What you will do:
Repeat the listing exactly as given, omitting every image.

Available data:
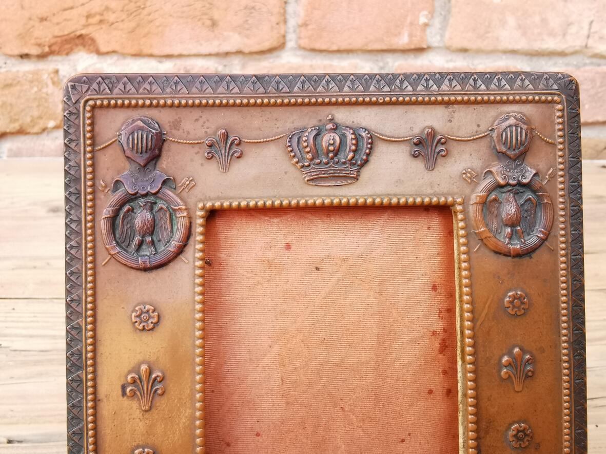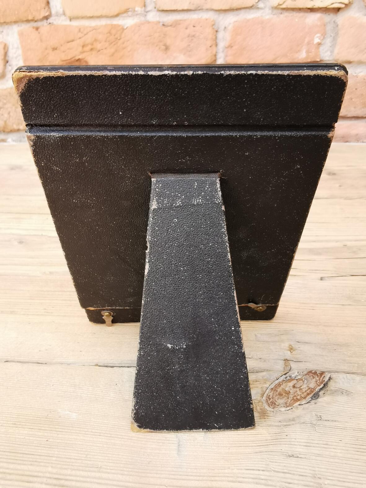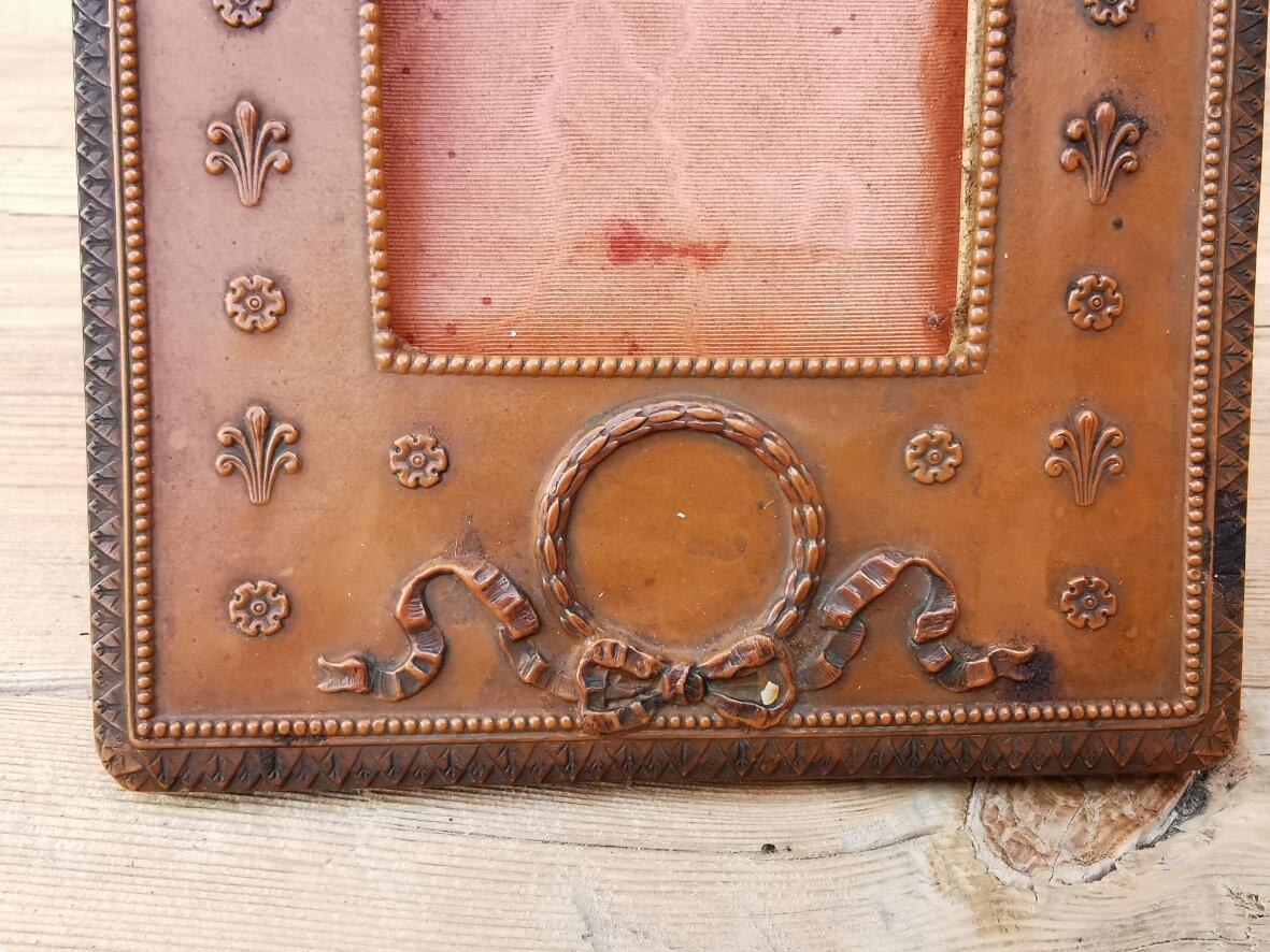 um 1910, Karton, außen mit Kupfer beschlagen, aufklappbar, Seidenhintergrund, Stütze an Rückseite.
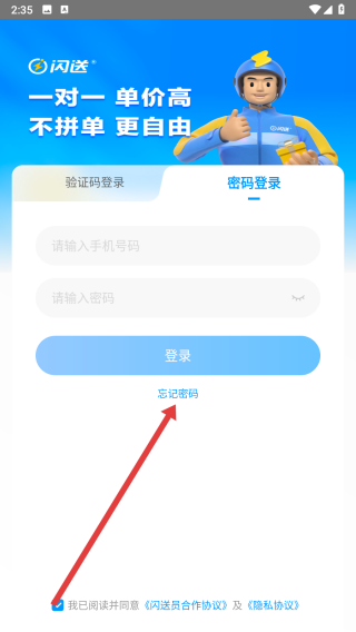 1、在打开闪送员app后,通过点击弹窗中的同意按钮,进入使用。
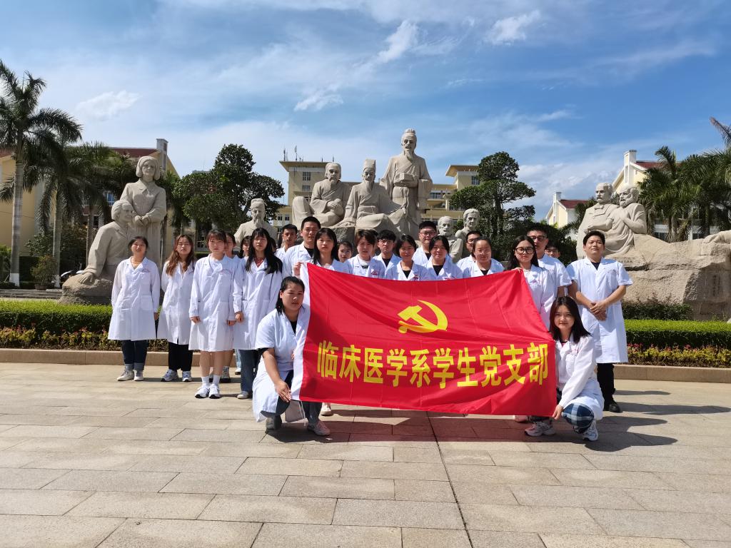 5月12日是全国防灾减灾日,临床医学系学生党支部组织支部党员和全系2020级第一批入党积极分子在学院南门名医雕像群和杏林学堂开展“学党史养医德,奋斗青春护健康”主题党日活动。

Response area:
 um 1910, Karton, außen mit Kupfer beschlagen, aufklappbar, Seidenhintergrund, Stütze an Rückseite.
 1、在打开闪送员app后,通过点击弹窗中的同意按钮,进入使用。
 5月12日是全国防灾减灾日,临床医学系学生党支部组织支部党员和全系2020级第一批入党积极分子在学院南门名医雕像群和杏林学堂开展“学党史养医德,奋斗青春护健康”主题党日活动。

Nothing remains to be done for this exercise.